### Your task
Each entry below should be printed exactly, with every image left out.

Records contained in a dataset

+++

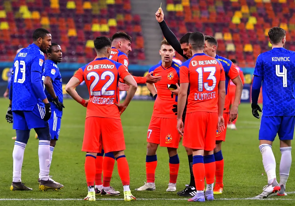 Arbitrul central Istvan Kovacs acorda un cartonas rosu lui Iulian Lucian Cristea sub privirea lui Darius Dumitru Olaru si Bradley Diallo in meciul de fotbal dintre FCSB si FC U Craiova, contand pentru Liga 1 Casa Pariurilor, desfasurat pe Arena Nationala din Bucuresti, duminica 6 februarie 2022. © FOTO:Razvan Pasarica/SPORT PICTURES
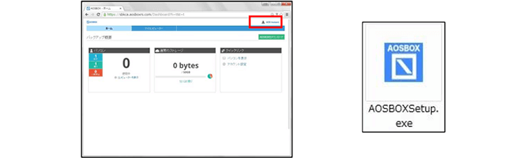 「バックアップの概要」ページが開きますので、画面右上の「AOSBOXをダウンロード」をクリックし、ダウンロードした「AOSBOXSetup.exe」をダブルクリックしてください。
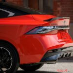 ボディサイドに目を移すと、ファストバック風のシルエットとともに、アーチ状のクロームメッキ仕上げのルーフラインで個性を主張する。Cピラーの造形はどことなくフェアレディZを感じさせるものだ。リア回りは一文字ランプとして、高級感を演出している。
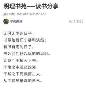 为加强“人文工学”建设,学院强化特殊时间节点的阅读活动。“教育不是惊涛骇浪,而在点点滴滴。每个学生都是一所学校,最成功的教育是和学生一起成长。”寒假期间,51吃瓜网 瞿明丽老师开通“明理书苑 成长陪伴”微信小程序,鼓励师生在寒假期间也能 “手捧天下书,环堵之中观览四海,千载之下而觌面古人”。师生通过阅读打卡记录生活、分享心得、碰撞思想、促进成长。
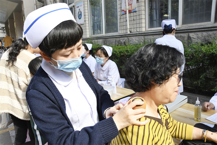 節(jié)日的美好,讓護(hù)理姐妹們不忘初心,時(shí)刻謹(jǐn)記以提燈之光傳遞愛與希望。5月8日、11日上午,一群身穿白衣的“天使”在信陽(yáng)市中醫(yī)院民權(quán)路院區(qū)、解放路院區(qū)門前開展義診活動(dòng),用實(shí)際行動(dòng)踐行南丁格爾精神。
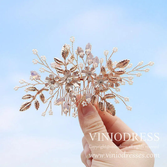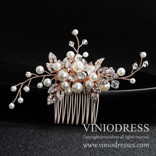 Rose Gold Metal Leaf Hair Comb with Pearls and Crystals AC1052
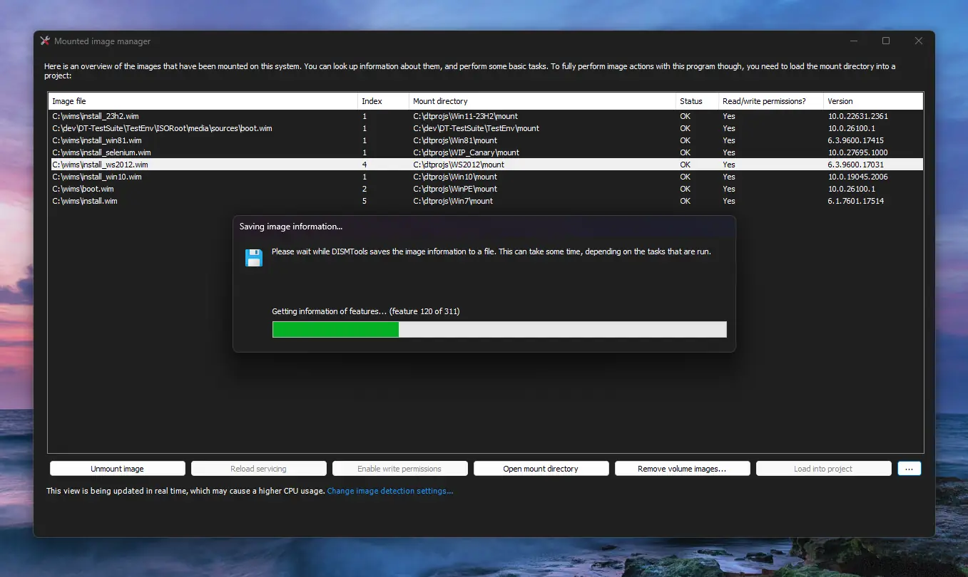 DISMTools — это современный интерфейс для DISM, предназначенный для удобного управления файлами образов Windows (WIM) и выполнения множества функций. В отличие от популярных решений вроде NTLite и других GUI, созданных для повышения доступности и автоматизации процессов, этот инструмент обеспечивает постоянное обновление, расширенные возможности и поддержку различных версий Windows, включая Windows 7, 8/8.1, 10 и 11. Работая как с 32-х, так и с 64-битными системами, программа оптимизирована для быстродействия и высокой совместимости через использование как API DISM, так и встроенного исполняемого файла.
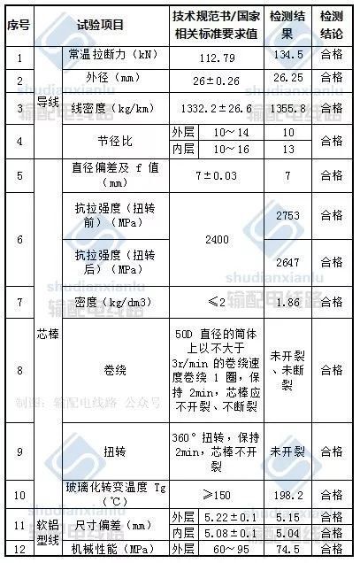 (1) 发生断线的碳纤维复合芯导线各项指标均符合国网公司招投标技术规范书和国家相关标准要求。
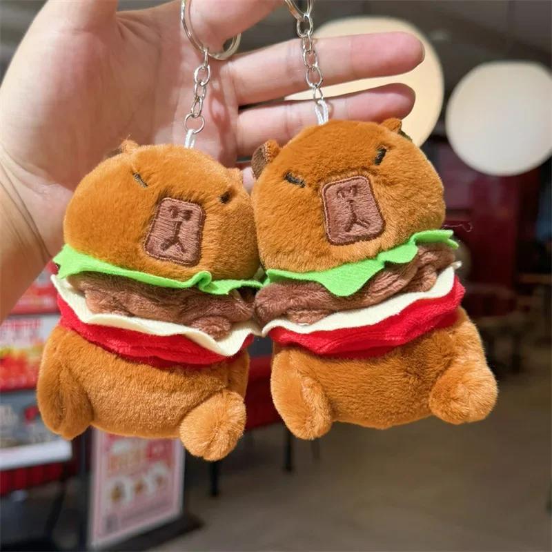 1-20PCS Hamburger Capybara Plush Keychain Backpack Pendant Toy Car Key Ring Decorat Kawaii Stuffed Doll Children Birthday Gift
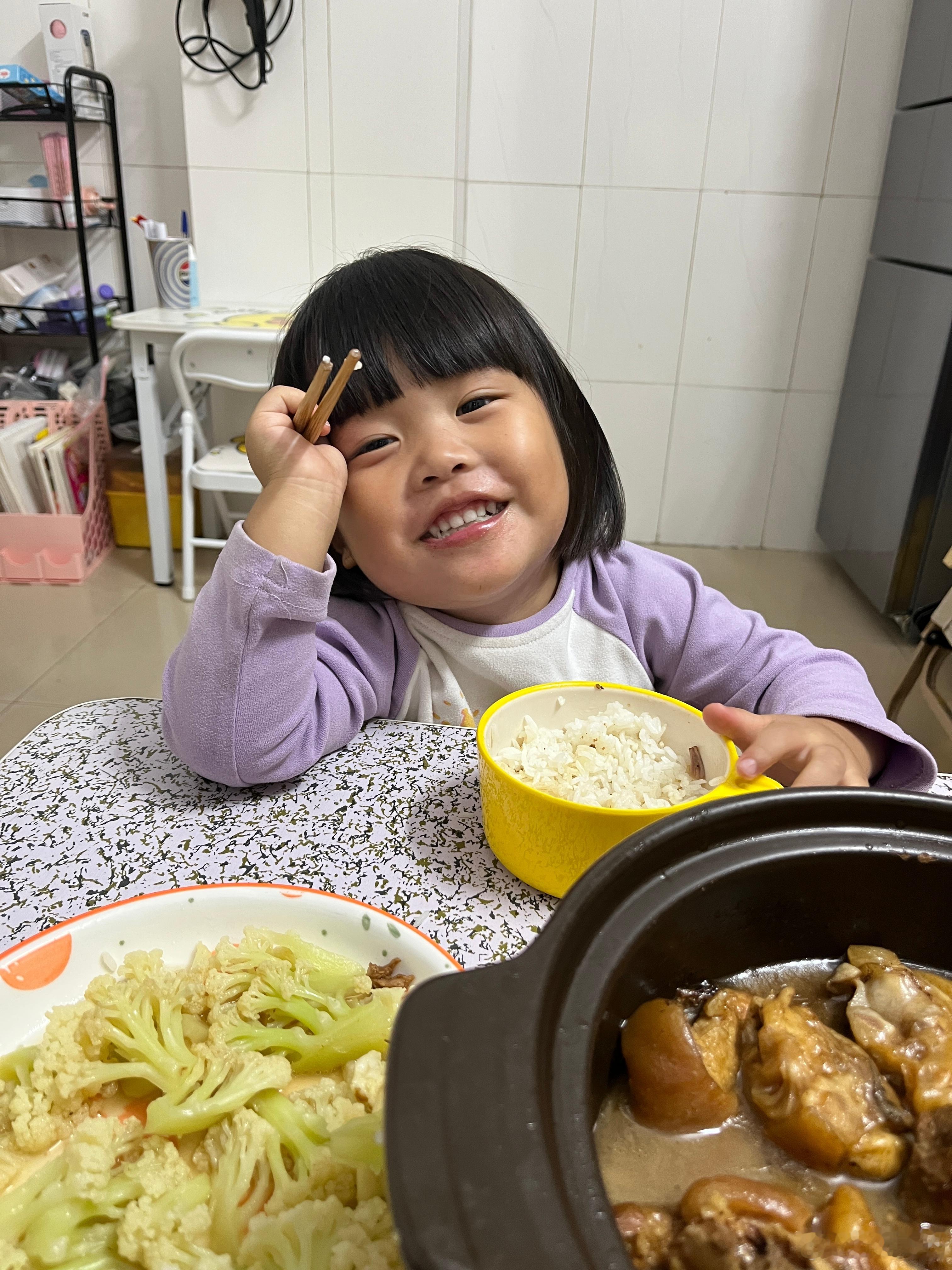 吃饭了,今晚吃猪蹄、西兰花,女儿说好香,在公园的时候就说饿了,回家要吃2碗饭,把碗里的饭吃完都不错,她不知道两碗是多少。
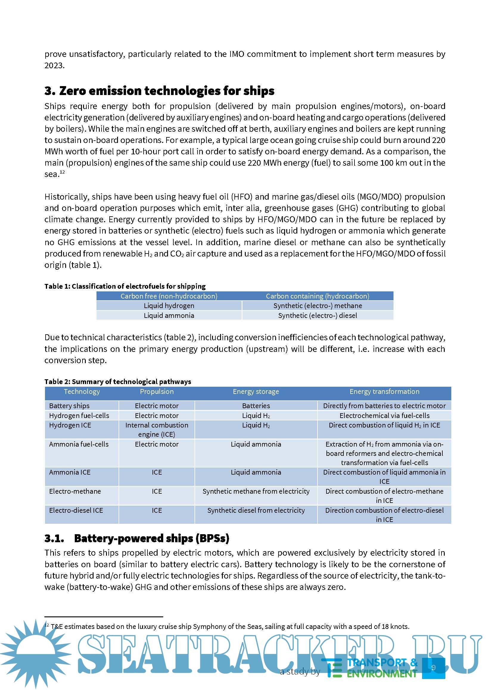 Year: 2018 Language: english Author: European Federation for Transport and Environment, AISBL Genre: Research papers Format: PDF Quality: eBook Pages count: 22 Description: Shipping is one of the largest greenhouse gas (GHG) emitting sectors of the global economy, responsible for around 1 Gt of CO2eq every year.1 If shipping were a country, it would be the 6th emissions, emitting on average 200 Mt/year.2 This report assesses potential technology pathways for decarbonising EU related shipping through a shift to zero carbon technologies and the impact such a move could have on renewable electricity demand in Europe. It also identifies key policy and sustainability issues that should be considered when analysing and supporting different technology options to decarbonise the maritime sector. The basis of the study is outbound journeys under the geographical scope of the EU ship MRV Regulation. We have not tried to quantify the emissions reductions that specific regulatory measures to be introduced at the IMO or EU level might contribute towards decarbonisation by 2050 because there are too many uncertainties. We have taken a more limited first approach and investigated how zero carbon propulsion pathways that currently seem feasible
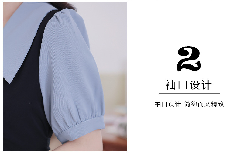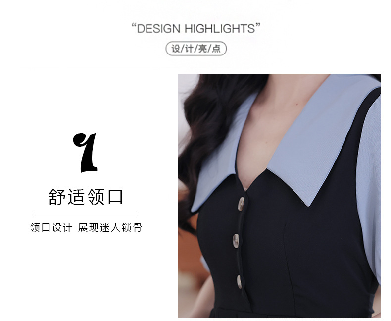 UGC 인터뷰 공식적인 원피스 여자 2025 년 여름 새로운 프랑스 기질 반팔 가짜 투피스 스커트
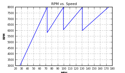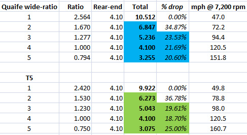 I switched the overdrive gear for a compromise ratio that will be livable on the highway. As you can see, it's a close-ratio gearset (approx. 20% drop in the middle gears) that closely approximates that of the wide-ratio Quaife. Second gear is even better and is close the the magical <6.0 total ratio that Savington deems desirable. If a road racer specs the 0.82 overdrive gear, the drop is 18% and speed at 7,200 rpm is 147 mph.
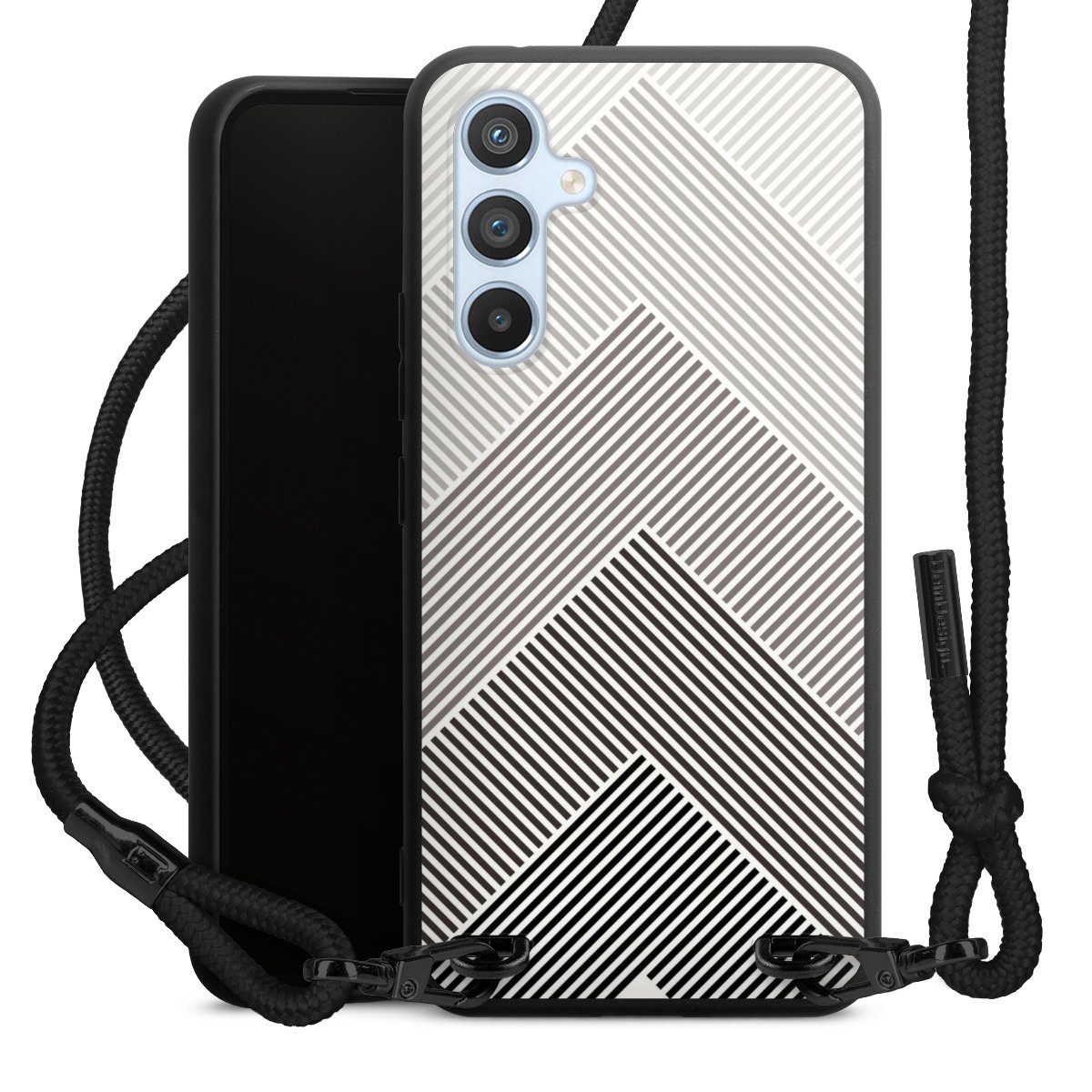 Pure Black: Phone case, fabric strap and metal details in stylish matt black.
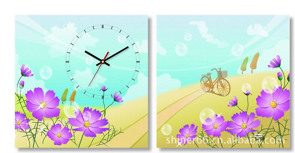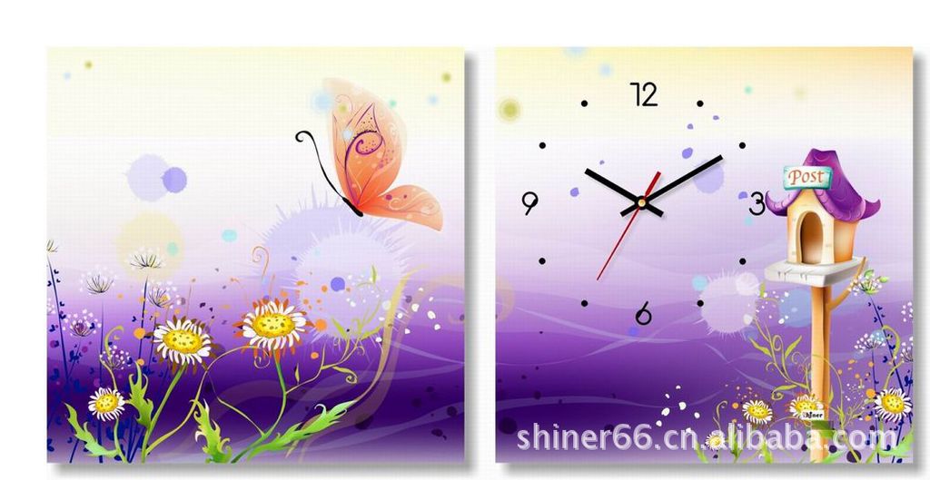 兩聯(lián)無(wú)框畫/墻壁掛鐘/時(shí)尚家居裝飾畫鐘
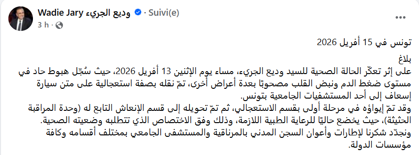 ويوم 9 مارس الماضي تم نقل الجريء إلى قسم الإنعاش القلبي بأحد مستشفيات العاصمة لتلقي العلاج بسبب تدهور وضعه الصحي، قبل أن يُعاد إلى السجن المدني بالمرناقية، حيث يواصل متابعة حالته الصحية في ظروف دقيقة تستوجب رعاية مستمرة.
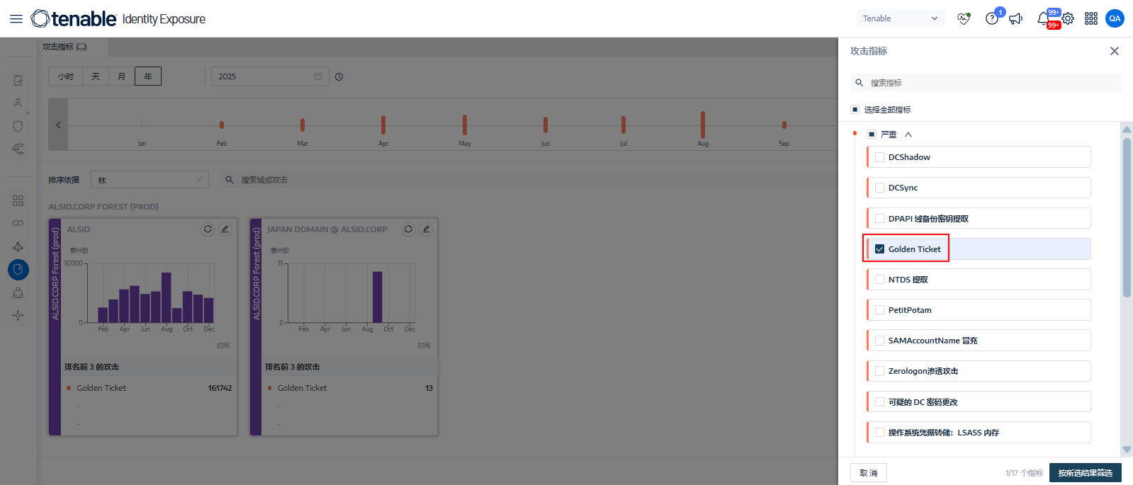 每当出现攻击时:Tenable Identity Exposure 会针对每个异常 IoA 检测发出通知。
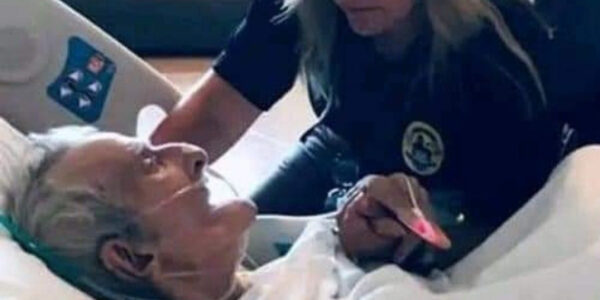 It’s easy to look at the photo and see what seems obvious — a woman sitting beside an elderly man, her hand gently resting over his, her face filled with quiet compassion. You might think she’s his granddaughter, maybe his…
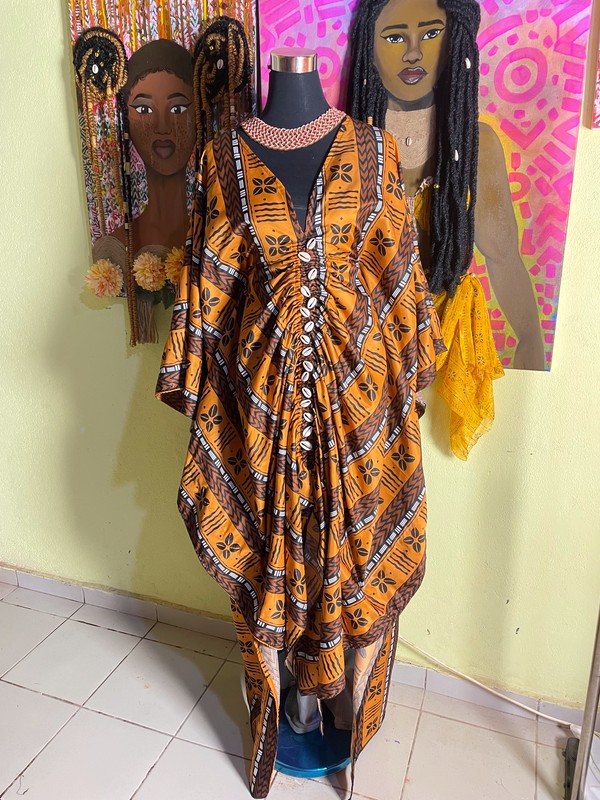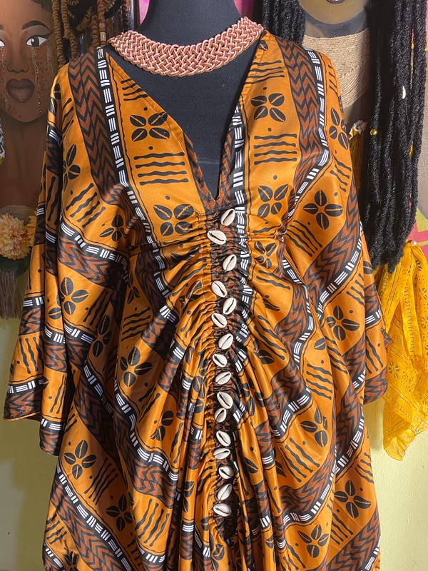 Robe fait main, authentique, décorée de cauris au centre ,à resserrer à la taille avec des lanières intérieures . Cette robe est disponible en édition limitée.

+++

### Reply to the task
 Arbitrul central Istvan Kovacs acorda un cartonas rosu lui Iulian Lucian Cristea sub privirea lui Darius Dumitru Olaru si Bradley Diallo in meciul de fotbal dintre FCSB si FC U Craiova, contand pentru Liga 1 Casa Pariurilor, desfasurat pe Arena Nationala din Bucuresti, duminica 6 februarie 2022. © FOTO:Razvan Pasarica/SPORT PICTURES
 「バックアップの概要」ページが開きますので、画面右上の「AOSBOXをダウンロード」をクリックし、ダウンロードした「AOSBOXSetup.exe」をダブルクリックしてください。
 ボディサイドに目を移すと、ファストバック風のシルエットとともに、アーチ状のクロームメッキ仕上げのルーフラインで個性を主張する。Cピラーの造形はどことなくフェアレディZを感じさせるものだ。リア回りは一文字ランプとして、高級感を演出している。
 为加强“人文工学”建设,学院强化特殊时间节点的阅读活动。“教育不是惊涛骇浪,而在点点滴滴。每个学生都是一所学校,最成功的教育是和学生一起成长。”寒假期间,51吃瓜网 瞿明丽老师开通“明理书苑 成长陪伴”微信小程序,鼓励师生在寒假期间也能 “手捧天下书,环堵之中观览四海,千载之下而觌面古人”。师生通过阅读打卡记录生活、分享心得、碰撞思想、促进成长。
 節(jié)日的美好,讓護(hù)理姐妹們不忘初心,時(shí)刻謹(jǐn)記以提燈之光傳遞愛與希望。5月8日、11日上午,一群身穿白衣的“天使”在信陽(yáng)市中醫(yī)院民權(quán)路院區(qū)、解放路院區(qū)門前開展義診活動(dòng),用實(shí)際行動(dòng)踐行南丁格爾精神。
 Rose Gold Metal Leaf Hair Comb with Pearls and Crystals AC1052
 DISMTools — это современный интерфейс для DISM, предназначенный для удобного управления файлами образов Windows (WIM) и выполнения множества функций. В отличие от популярных решений вроде NTLite и других GUI, созданных для повышения доступности и автоматизации процессов, этот инструмент обеспечивает постоянное обновление, расширенные возможности и поддержку различных версий Windows, включая Windows 7, 8/8.1, 10 и 11. Работая как с 32-х, так и с 64-битными системами, программа оптимизирована для быстродействия и высокой совместимости через использование как API DISM, так и встроенного исполняемого файла.
 (1) 发生断线的碳纤维复合芯导线各项指标均符合国网公司招投标技术规范书和国家相关标准要求。
 1-20PCS Hamburger Capybara Plush Keychain Backpack Pendant Toy Car Key Ring Decorat Kawaii Stuffed Doll Children Birthday Gift
 吃饭了,今晚吃猪蹄、西兰花,女儿说好香,在公园的时候就说饿了,回家要吃2碗饭,把碗里的饭吃完都不错,她不知道两碗是多少。
 Year: 2018 Language: english Author: European Federation for Transport and Environment, AISBL Genre: Research papers Format: PDF Quality: eBook Pages count: 22 Description: Shipping is one of the largest greenhouse gas (GHG) emitting sectors of the global economy, responsible for around 1 Gt of CO2eq every year.1 If shipping were a country, it would be the 6th emissions, emitting on average 200 Mt/year.2 This report assesses potential technology pathways for decarbonising EU related shipping through a shift to zero carbon technologies and the impact such a move could have on renewable electricity demand in Europe. It also identifies key policy and sustainability issues that should be considered when analysing and supporting different technology options to decarbonise the maritime sector. The basis of the study is outbound journeys under the geographical scope of the EU ship MRV Regulation. We have not tried to quantify the emissions reductions that specific regulatory measures to be introduced at the IMO or EU level might contribute towards decarbonisation by 2050 because there are too many uncertainties. We have taken a more limited first approach and investigated how zero carbon propulsion pathways that currently seem feasible
 UGC 인터뷰 공식적인 원피스 여자 2025 년 여름 새로운 프랑스 기질 반팔 가짜 투피스 스커트
 I switched the overdrive gear for a compromise ratio that will be livable on the highway. As you can see, it's a close-ratio gearset (approx. 20% drop in the middle gears) that closely approximates that of the wide-ratio Quaife. Second gear is even better and is close the the magical <6.0 total ratio that Savington deems desirable. If a road racer specs the 0.82 overdrive gear, the drop is 18% and speed at 7,200 rpm is 147 mph.
 Pure Black: Phone case, fabric strap and metal details in stylish matt black.
 兩聯(lián)無(wú)框畫/墻壁掛鐘/時(shí)尚家居裝飾畫鐘
 ويوم 9 مارس الماضي تم نقل الجريء إلى قسم الإنعاش القلبي بأحد مستشفيات العاصمة لتلقي العلاج بسبب تدهور وضعه الصحي، قبل أن يُعاد إلى السجن المدني بالمرناقية، حيث يواصل متابعة حالته الصحية في ظروف دقيقة تستوجب رعاية مستمرة.
 每当出现攻击时:Tenable Identity Exposure 会针对每个异常 IoA 检测发出通知。
 It’s easy to look at the photo and see what seems obvious — a woman sitting beside an elderly man, her hand gently resting over his, her face filled with quiet compassion. You might think she’s his granddaughter, maybe his…
 Robe fait main, authentique, décorée de cauris au centre ,à resserrer à la taille avec des lanières intérieures . Cette robe est disponible en édition limitée.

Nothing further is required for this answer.